▶ **Material for this task**:
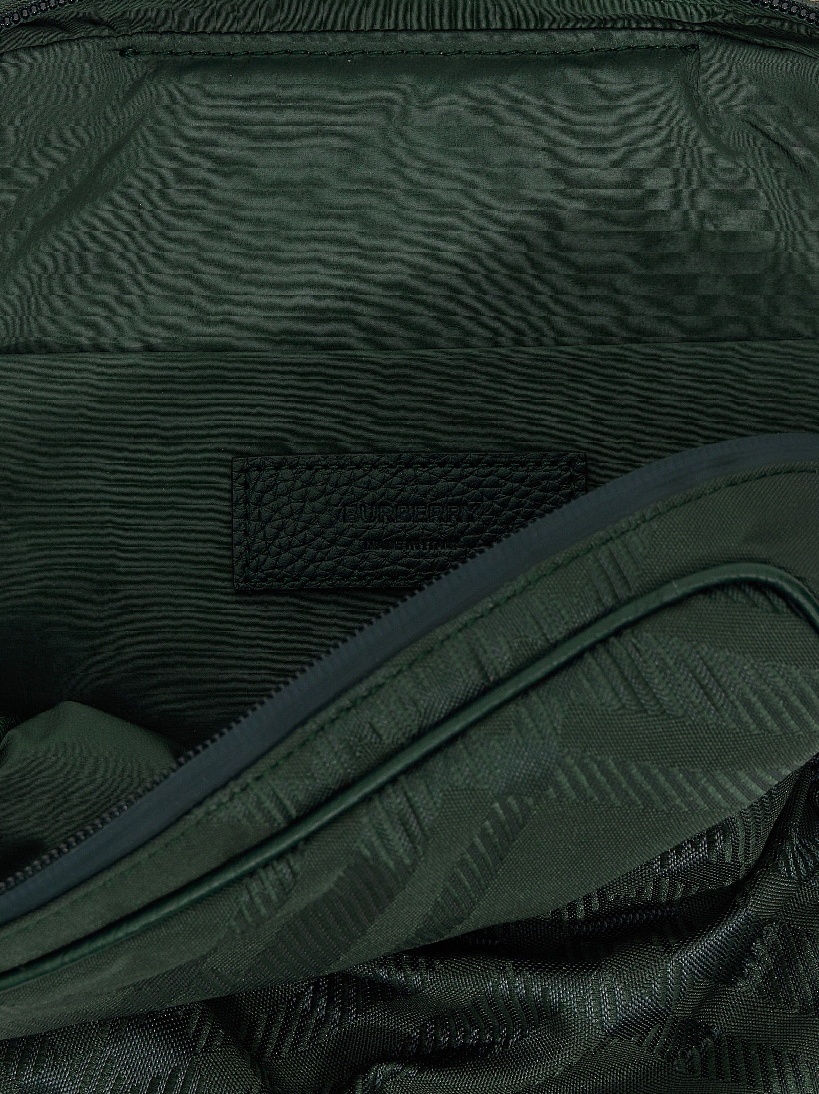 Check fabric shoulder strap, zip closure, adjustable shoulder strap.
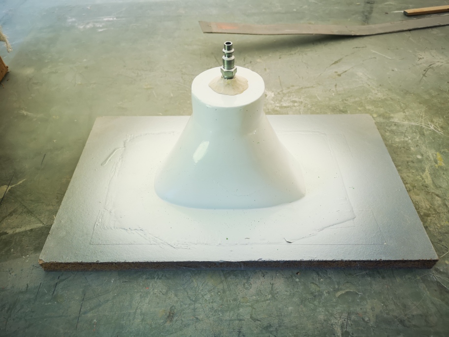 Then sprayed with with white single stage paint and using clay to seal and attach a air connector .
* * *
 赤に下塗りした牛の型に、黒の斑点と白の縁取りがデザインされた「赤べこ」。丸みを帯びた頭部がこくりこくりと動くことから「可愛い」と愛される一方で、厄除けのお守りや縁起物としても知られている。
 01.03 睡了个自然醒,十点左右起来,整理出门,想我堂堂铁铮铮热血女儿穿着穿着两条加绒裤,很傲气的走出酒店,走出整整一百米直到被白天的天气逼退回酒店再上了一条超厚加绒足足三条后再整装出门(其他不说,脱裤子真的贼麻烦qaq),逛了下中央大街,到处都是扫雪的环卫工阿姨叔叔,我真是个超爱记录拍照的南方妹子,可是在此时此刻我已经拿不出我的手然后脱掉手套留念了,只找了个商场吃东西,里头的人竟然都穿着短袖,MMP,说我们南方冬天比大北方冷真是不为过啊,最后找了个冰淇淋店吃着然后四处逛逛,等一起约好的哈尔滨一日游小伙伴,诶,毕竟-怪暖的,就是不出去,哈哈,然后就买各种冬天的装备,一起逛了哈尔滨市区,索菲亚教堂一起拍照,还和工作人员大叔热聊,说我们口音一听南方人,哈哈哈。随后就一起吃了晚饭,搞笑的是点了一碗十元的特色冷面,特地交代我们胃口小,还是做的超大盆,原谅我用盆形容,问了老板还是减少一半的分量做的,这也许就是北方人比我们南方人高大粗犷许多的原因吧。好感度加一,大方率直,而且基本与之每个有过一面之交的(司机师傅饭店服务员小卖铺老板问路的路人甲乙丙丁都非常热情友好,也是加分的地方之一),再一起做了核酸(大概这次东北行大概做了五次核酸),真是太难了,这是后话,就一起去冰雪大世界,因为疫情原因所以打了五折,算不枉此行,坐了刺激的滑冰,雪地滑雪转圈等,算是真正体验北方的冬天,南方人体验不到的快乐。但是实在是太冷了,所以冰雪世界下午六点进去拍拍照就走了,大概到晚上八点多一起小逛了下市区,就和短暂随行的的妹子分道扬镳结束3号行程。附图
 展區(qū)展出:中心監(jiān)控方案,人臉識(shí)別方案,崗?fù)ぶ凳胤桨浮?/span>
--
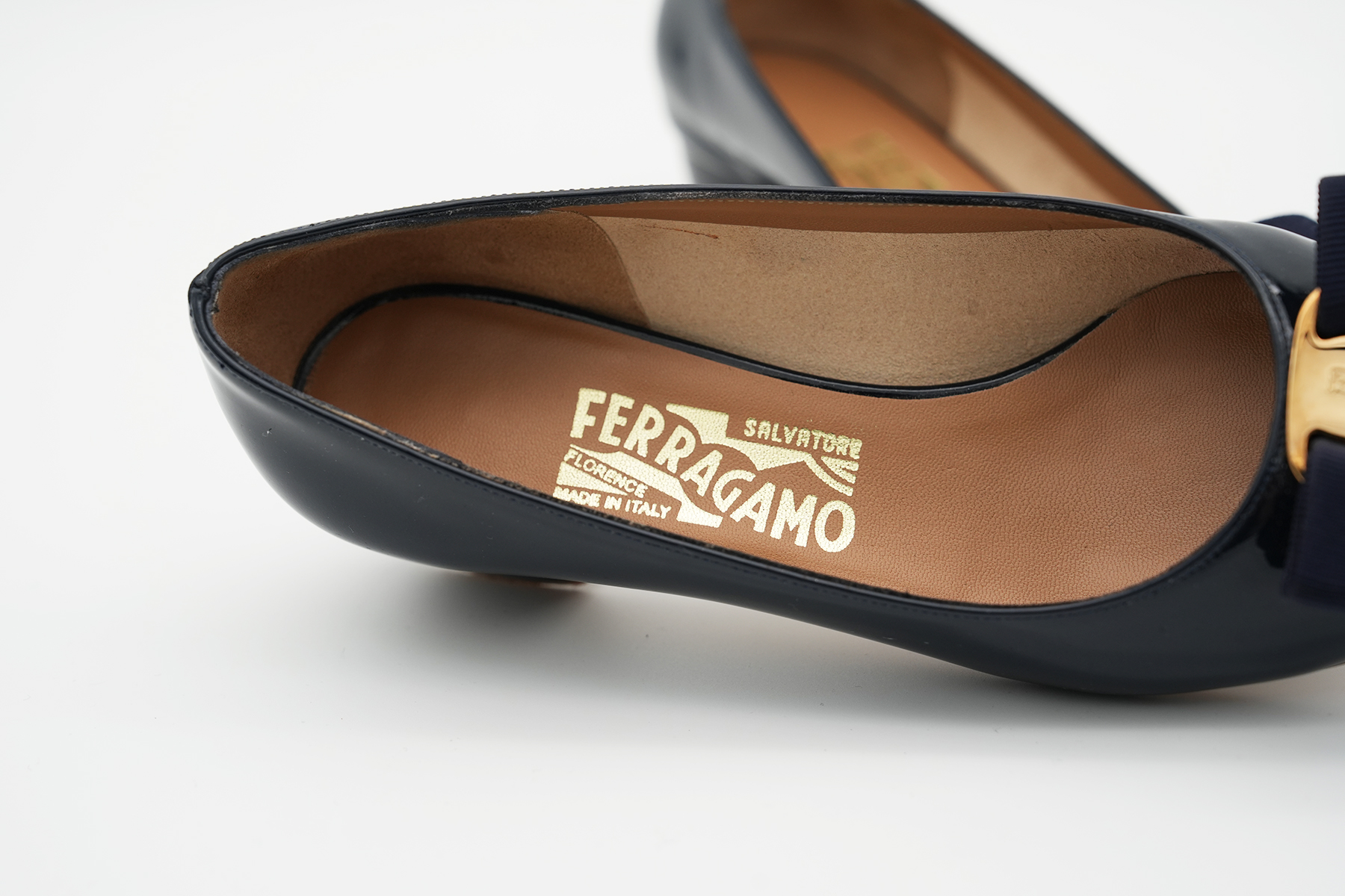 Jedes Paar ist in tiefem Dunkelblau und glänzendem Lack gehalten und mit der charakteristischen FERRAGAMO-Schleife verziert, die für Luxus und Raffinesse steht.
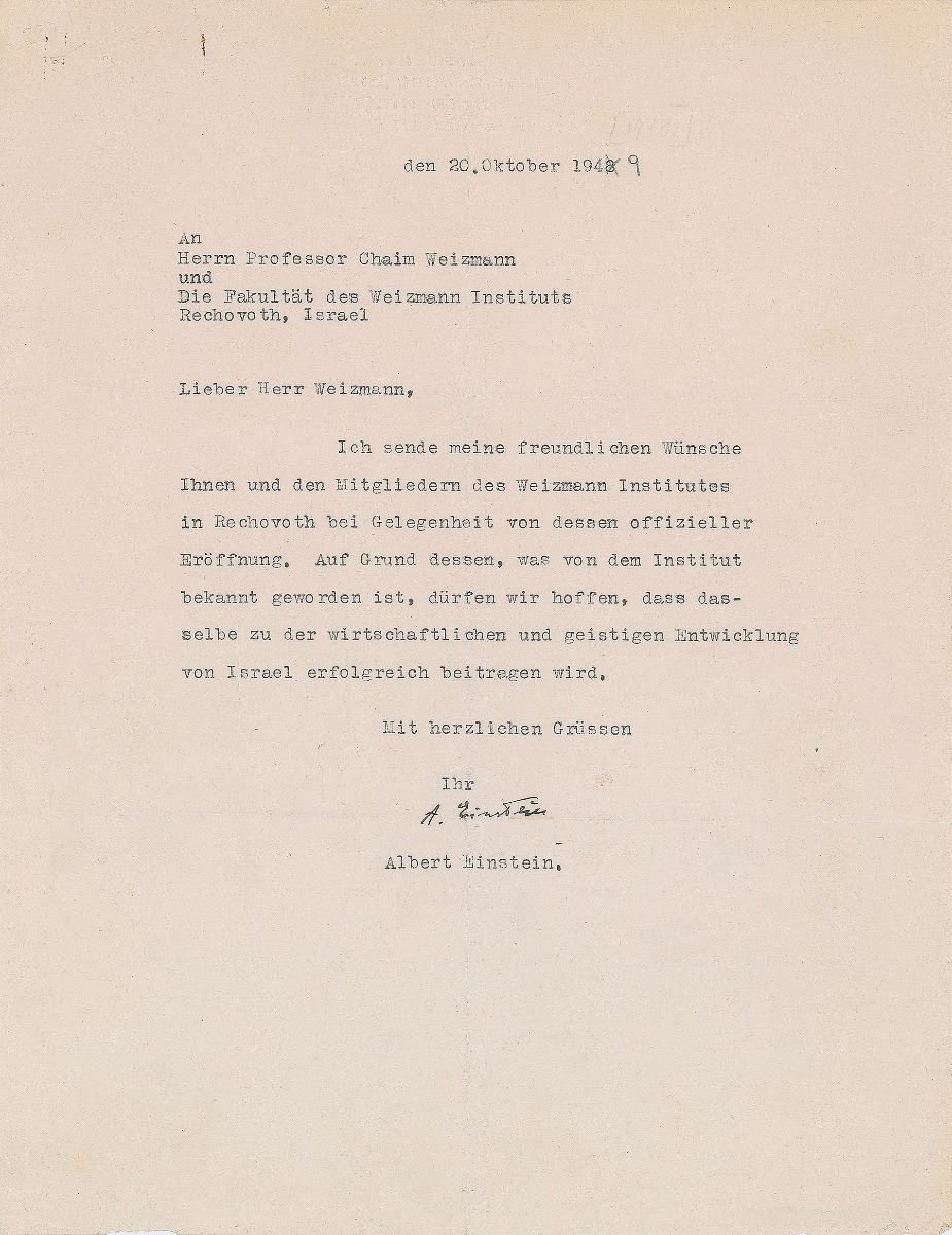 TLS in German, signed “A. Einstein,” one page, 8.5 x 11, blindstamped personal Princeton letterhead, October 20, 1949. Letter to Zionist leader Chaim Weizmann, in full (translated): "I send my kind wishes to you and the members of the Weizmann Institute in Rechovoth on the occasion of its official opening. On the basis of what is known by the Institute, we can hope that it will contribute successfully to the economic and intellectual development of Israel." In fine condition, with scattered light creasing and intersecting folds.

▶ **Exercise directions**:
Only the lines above from the one containing "Jedes Paar ist" through the one containing "TLS in German, signed" should be returned, verbatim and inclusive, with pictures excluded.

▶ **Response to the task**:
 Jedes Paar ist in tiefem Dunkelblau und glänzendem Lack gehalten und mit der charakteristischen FERRAGAMO-Schleife verziert, die für Luxus und Raffinesse steht.
 TLS in German, signed “A. Einstein,” one page, 8.5 x 11, blindstamped personal Princeton letterhead, October 20, 1949. Letter to Zionist leader Chaim Weizmann, in full (translated): "I send my kind wishes to you and the members of the Weizmann Institute in Rechovoth on the occasion of its official opening. On the basis of what is known by the Institute, we can hope that it will contribute successfully to the economic and intellectual development of Israel." In fine condition, with scattered light creasing and intersecting folds.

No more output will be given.